A better approach is to use rational numbers whose denominator is a power of two. These numbers are called dyadic rationals and are basically the same thing as floating point numbers.

Here, addition can be simulated using integers as follows. A rational number \(\frac{a}{2^k}\) is represented as the pair \((a, k)\). Say \(k \leq m\). For addition, we have \[ \frac{a}{2^k} + \frac{b}{2^m} = \frac{2^{m - k} a + b}{2^m} \] so the denominator of a sum is the max of the denominators of the inputs. That means that the denominators don’t get huge when you add a bunch of numbers (they will stay as big as the largest input to the sum).

Moreover, any rational number can be approximated by a number of this form (it’s just the binary expansion of that number).

## From integers to a finite field

To recap, we’ve done the following.

- We approximated our exponential \(1 - (1/2)^x\) by arithmetic over the reals using Taylor polynomials.
- We approximated real arithmetic by rational arithmetic using continuity.
- We approximated rational arithmetic by the arithmetic of dyadic-rationals/floats, again using continuity. Moreover, we saw that floating point arithmetic can easily be simulated exactly using integer arithmetic.

Now our final step is to simulate integer arithmetic using the arithmetic of our prime order field \(\mathbb{F}_p\). But this step is actually the easiest! As long as we are careful about numbers not overflowing, it’s the same thing.
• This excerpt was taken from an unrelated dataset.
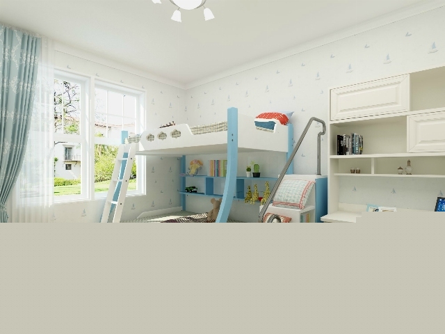 藍(lán)色的高低兒童床,轉(zhuǎn)角書桌,適合活潑好動的孩子。

That is, if we know ahead of time that \(a + b < p\), then we can safely compute \(a + b \mod p\), knowing that the result will be the same as over the integers. The same is true for multiplication. So as long as we don’t do too many multiplications, the integers representing the dyadic rationals we’re computing with won’t get too big, and so we will be okay. And if we don’t take too many terms of the Taylor series, this will be the case.

## Conclusion

Let’s survey the net result of all this approximation: We have a very efficient way of approximately computing an exponential function on fractional inputs inside of a SNARK, in such a way that we can have concrete bounds on the error of the approximation. Pretty cool! This enables us to use a threshold function for Ouroboros that guarantees a constant density of blocks regardless of the distribution of stake.